How to deal with missing labels when you have multiple losses?

My dataset has input_features, continuous_label1 and continuous_label2. I always have data for input_features but occasionally continuous_label1 or continuous_label2 has no value. I don’t want to remove the lines where this is the case because learning can still happen when one of the two values are missing.

My loss function is “MSE loss for continuous_label1” + “MSE loss for continuous_label2”. What is the proper way to handle this situation? One option would be to set the missing value as the prediction. Would that make sense?

Is there a reason you’re training the two simultaneously rather than treating them as separate models? If the goal is to predict label1 and label2 with the highest accuracy I would expect you’d get (admittedly slightly) better performance by treating the two separately. Are there other constraints to your problem that require you to calculate them at the same time?

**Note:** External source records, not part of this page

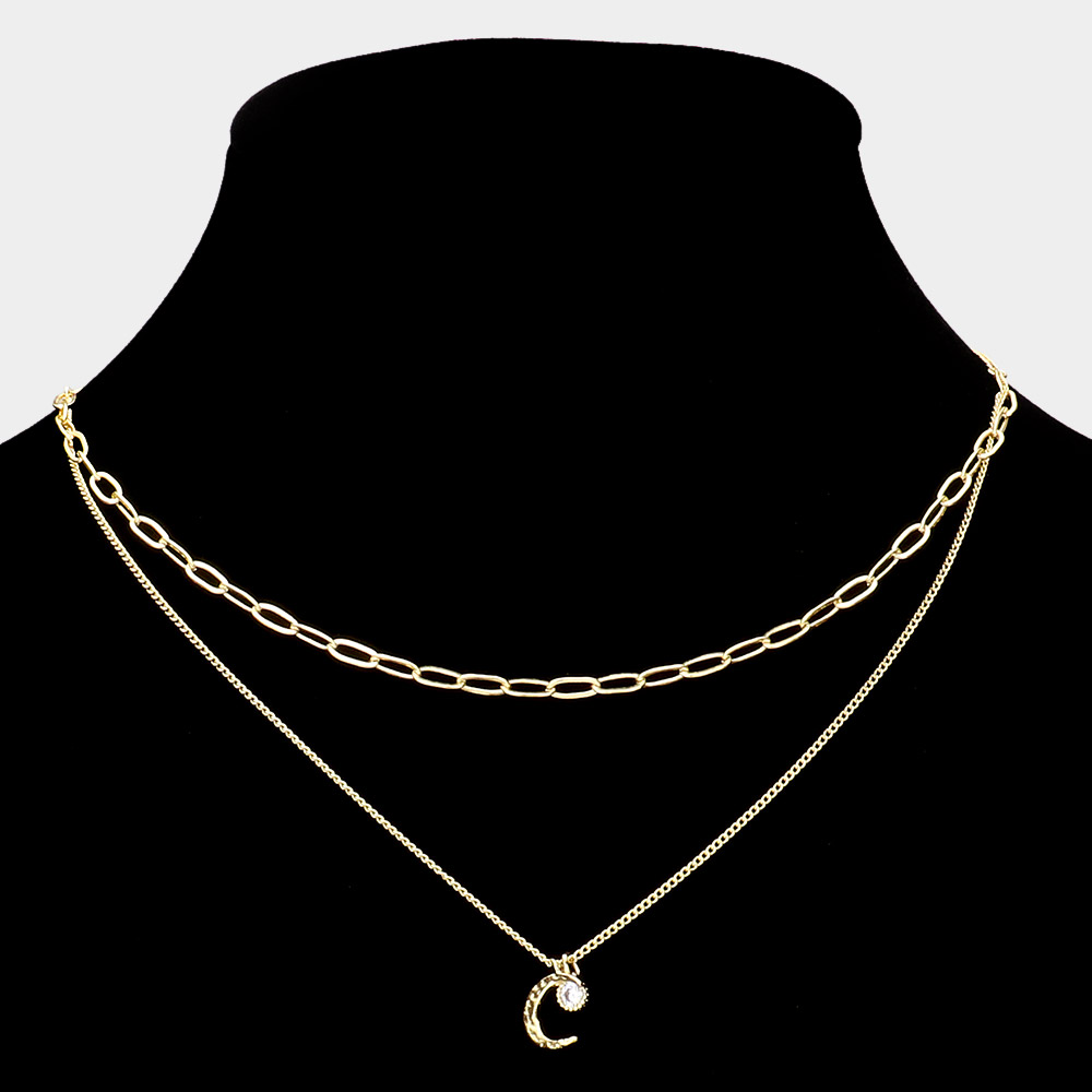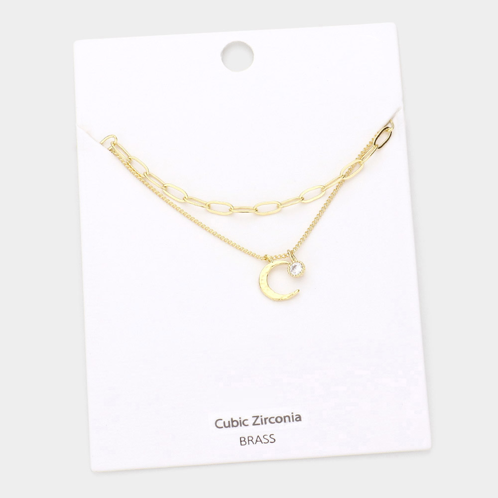 Round CZ Brass Metal Crescent Moon Pendant Double Layered Necklace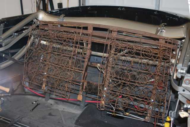 Just make one! Actually, this has been in the works for some time now, but just about finished up the springs for the seat back today. Thanks go out to Michael Whitely and Rob Fayette, and Bill Spelic for the great pics and dimensions. Just a little more to go on the back and then I will be taking this to the trimmer's this week. Tomorrow I'll get the seat bottom laid out. For the seat back, I had about 1/2 of a seat back from a junior convertible (Junior cars do not have the center arm rest). The bottom half was rotted away, like someone set it acid 1/2 way up the seat back. It was only about a foot tall when I started. I had some extra sedan springs that loaned parts and pieces for the seat back and seat bottom.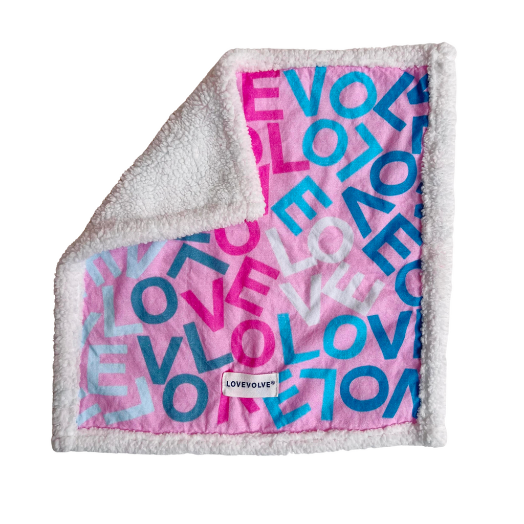 Our Sherpa Lovie is the perfect snuggle companion for little ones. Featuring a 100% cotton front in our signature LOVEVOLVE ombré print and an ultra-soft sherpa backing, this 15" x 15" lovie is gentle, cozy, and made for everyday comfort.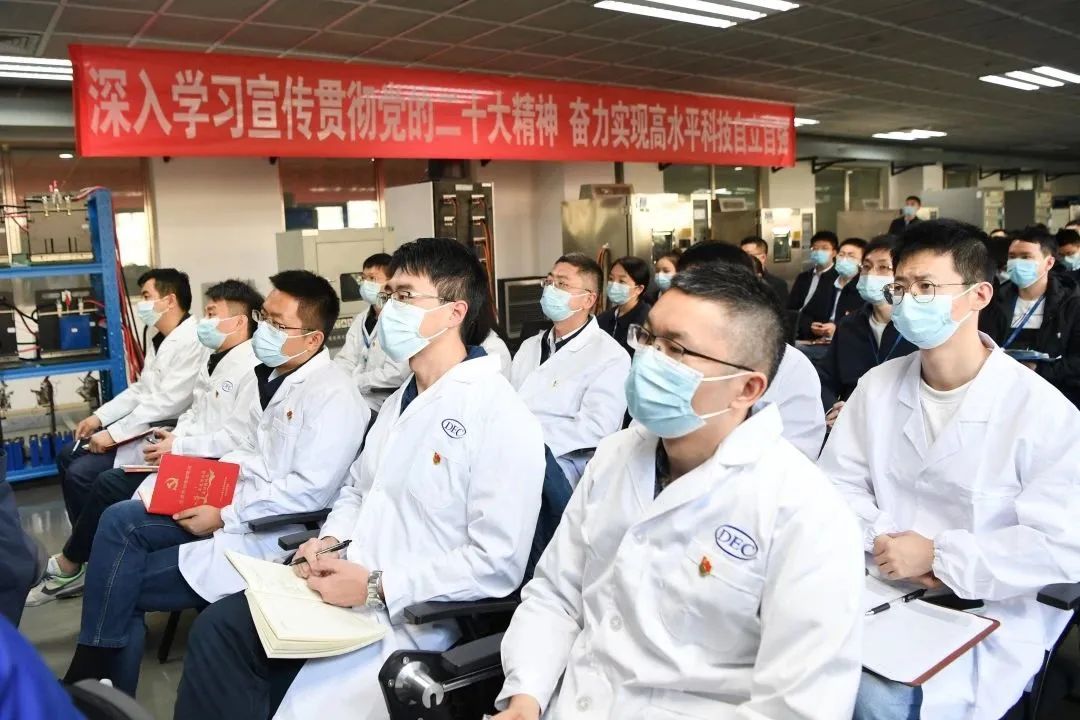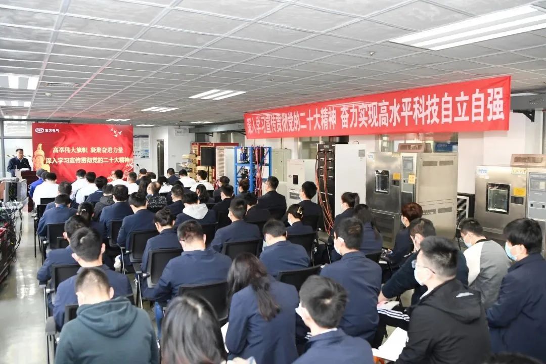 为引导全集团广大干部职工切实把思想和行动统一到党的二十大精神上来,根据z6尊龙·凯时(中国区)官方网站电气集团党组统一部署,11月22日,集团公司“高举伟大旗帜 凝聚奋进力量”党的二十大精神宣讲队首场宣讲报告会在z6尊龙·凯时(中国区)官方网站研究院新能源电池测试实验室举行,用“行走的课堂”讲述“我们身边”拼搏奋进争先的鲜活故事,激励科研工作者以实干抢抓创新先机,为加快实现高水平科技自立自强贡献“z6尊龙·凯时(中国区)官方网站”力量。

In terms of your proposed solution, I’m not sure it is going to work in the way you expect. By setting the missing value to the prediction you’re going to have significantly lower error than the case where you have both values, so the gradient updates will be smaller. As long as that’s acceptable then you should be fine.

How about if you define your loss function to be

if continuous_label1 & continuous_label2:
    ("MSE loss for continuous_label1" + "MSE loss for continuous_label2") / 2
else if continuous_label1 & not continuous_label2:
    "MSE loss for continuous_label1"
else if not continuous_label1 & continuous_label2:
    MSE loss for continuous_label2"
else:
    skip training example

?

“if continuous_label1” is to be read “if continuous_label1 exists”

EDIT: instead of dividing by 2, it is better to use the weighted average

I would rather not have 2 separate models. The goal is not really to have high prediction accuracy but rather to use a layer of the network as a high level representation of the input. Having this embedding layer simultaneous optimized for the 2 losses is a plus.

Yep, that would work. I have to figure out how to implement that on a minibatch efficiently in Tensorflow.